We define LSCV bandwidth selector as

\[\hat h_\text{LSCV} = \argmin_{h>0} \text{LSCV}(h).\]


$k$-fold LSCV

Although the LSCV gives better bandwidth than normal referencing or oversmoothing, it is computationally heavy since it requires $n^2$ order of operations. To relieve the computational stress, $k$-fold LSCV was devised.

Instead of using “leave-one-out” density estimate $\hat p_{-i},$ $k$-fold LSCV uses “leave-many-out” estimate $\hat p_{A_i}.$ Formal definition is as follows: let $A_1,\cdots,A_k$ be a partition of the index set $\{1,2,\cdots,n\},$ and define

\[\hat p_{-A_i} := \left( \sum_{i=1}^n \mathbf{1}(i \notin A_i) \right)^{-1} \sum_{i \in A_i} K_h(x-X_i).\]

$k$-fold LSCV is defined accordingly.

\[\text{LSCV}^\text{$k$-fold}(h) = \int \hat p(x)^2 dx - \frac{2}{k} \sum_{l=1}^k \left( \left(\sum_{i=1}^n \mathbf{1}(i \in A_l)\right )^{-1} \sum_{i \in A_l} \hat p_{-A_l}(X_i) \right).\]

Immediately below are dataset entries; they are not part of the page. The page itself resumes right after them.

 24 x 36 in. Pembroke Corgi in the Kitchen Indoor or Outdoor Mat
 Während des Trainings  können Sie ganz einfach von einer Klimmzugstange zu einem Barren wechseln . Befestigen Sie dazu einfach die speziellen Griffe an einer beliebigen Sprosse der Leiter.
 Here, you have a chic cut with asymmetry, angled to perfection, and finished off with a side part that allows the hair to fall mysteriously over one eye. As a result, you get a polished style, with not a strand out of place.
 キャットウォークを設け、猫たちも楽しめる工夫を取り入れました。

Notice that now linear order ($\sim N$) of computation is enough since $k$ is prespecified (mostly, $k=5$ for $10$). $E \left[ \text{LSCV}^\text{$k$-fold}(h) \right]$ is the same as in standard LSCV. Finally, $k$-fold LSCV selector is

\[\hat h_\text{LSCV}^\text{$k$-fold} = \argmin_{h>0} \text{LSCV}^\text{$k$-fold}(h).\]


Other selectors

Biased cross-validation

Biased cross-validation (BCV) is a hybrid of normal reference-type plug in selector and LSCV-type cross validation selector. Recall that the bias expansion gives

\[\text{AMISE} = \frac{1}{4}h^4 \mu_2(K)^2 \int (p'')^2 + \frac{1}{nh} \int K^2\]

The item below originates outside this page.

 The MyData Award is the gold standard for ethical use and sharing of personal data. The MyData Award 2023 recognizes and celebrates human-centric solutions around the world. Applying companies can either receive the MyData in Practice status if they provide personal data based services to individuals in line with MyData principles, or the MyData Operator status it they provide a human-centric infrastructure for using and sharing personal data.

The idea of BCV is to replace $\int (p’’)^2$ by

\[\int (\hat p'')^2 = \frac{1}{n^2} \sum_{i=1}^n \sum_{j=1}^n K_h'' * K_h'' (X_i-X_j)\]

to get

\[\text{BCV}(h) = \frac{1}{4}h^4 \mu_2(K)^2 \int (\hat p'')^2 + \frac{1}{nh} \int K^2.\]

(The proof is the same as in LSCV.) $\hat h_\text{BCV}$ is defined as a minimizer of BCV.


Selectors that converges faster

One can show that LSCV and BCV selector both converge unbearably slowly to the true $h_\text{opt}$:

\[\left( \frac{\hat h_\text{LSCV}}{h_\text{opt}} - 1 \right) n^{1/10} \overset{\text{d}}{\to} \mathcal{N}(0, \sigma^2_\text{LSCV}).\]

That is the order of $n^{1/10}$: to make $n^{1/10}$ grow from 0 to 2, a thousand of samples is required! As remedies of this problem, solve-the-equation rule ($\sim n^{4/13},$ later improved to $\sim n^{5/14}$) and smoothed CV ($\sim n^{1/2}$) selectors are proposed.


References

  • Nonparametric Function Estimation (Spring, 2021) @ Seoul National University, Republic of Korea (instructor: Prof. Byeong U. Park).
  • Nonparametric Statistics, by Eduardo García Portugués.